La reine, c’est elle!


Il y a eu la reine Christine. Christine Ockrent, un peu collet monté, souvent l’air sévère. Elle a mené une carrière ambitieuse, a grimpé les échelons de la hiérarchie jusqu’à devenir directrice générale déléguée de l’Audiovisuel extérieur de la France. Décorée de la Légion d’honneur, compagne d’un médiatique ministre, Bernard Kouchner. Il y a eu la reine Anne. Anne Sinclair, née dans la bonne bourgeoisie, militante mitterrandienne en 1981, représentante de la gauche caviar. Elle aussi femme (aujourd’hui ex) de ministre, Dominique Strauss-Kahn, elle aussi décorée de la Légion d’honneur. Il y a eu la reine Claire. Claire Chazal, dont je vous parlais la semaine dernière, plus portée sur les people que sur les ministres mais quand même chevalier de la Légion d’honneur.

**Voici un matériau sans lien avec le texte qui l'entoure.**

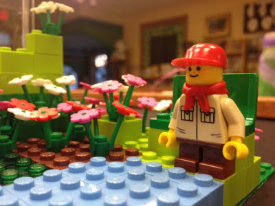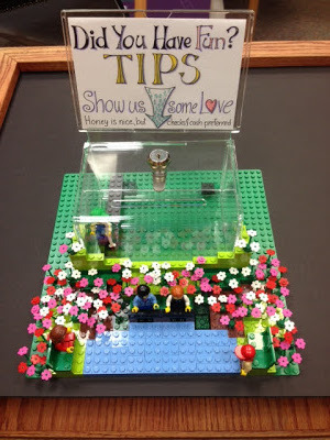 I found a charity-type box at Staples and then customized it with Legos, of course. I think it has a nice serene feel to it, don't you? Very GREEN. (Subliminal thought: "Green. Think GREEN.")

Et il y a Elise Lucet. Comme les trois autres, elle est journaliste de télévision et s’est vu remettre les insignes de chevalier de l’ordre national de la Légion d’honneur. Mais les mondanités semblent peu l’intéresser. Elle est journaliste dans l’âme, a construit sa carrière dans l’exigence. Depuis 2012, elle anime un magazine d’enquête, Cash investigation, sur France 2. Elle traite des dossiers souvent brûlants, révèle les travers du monde des affaires et de la politique. Elle ose les questions qui gênent, qui fâchent. «Nous allons chercher la vérité là où elle se trouve», déclare-t-elle. Elle y va, oui, sans se laisser impressionner. Sa dernière altercation avec Rachida Dati en est la preuve. L’ancienne ministre de Sarkozy, aujourd’hui députée européenne, ne s’en est pas remise. Qu’une journaliste ose lui demander des comptes sur ses rétributions l’a offusquée, elle qui est habituée à plus d’égards, comme les autres tenants du pouvoir.
C’est pour cette saine insolence qu’il faut aujourd’hui saluer bien bas Elise Lucet. Et affirmer: s’il y a une reine, c’est bien elle!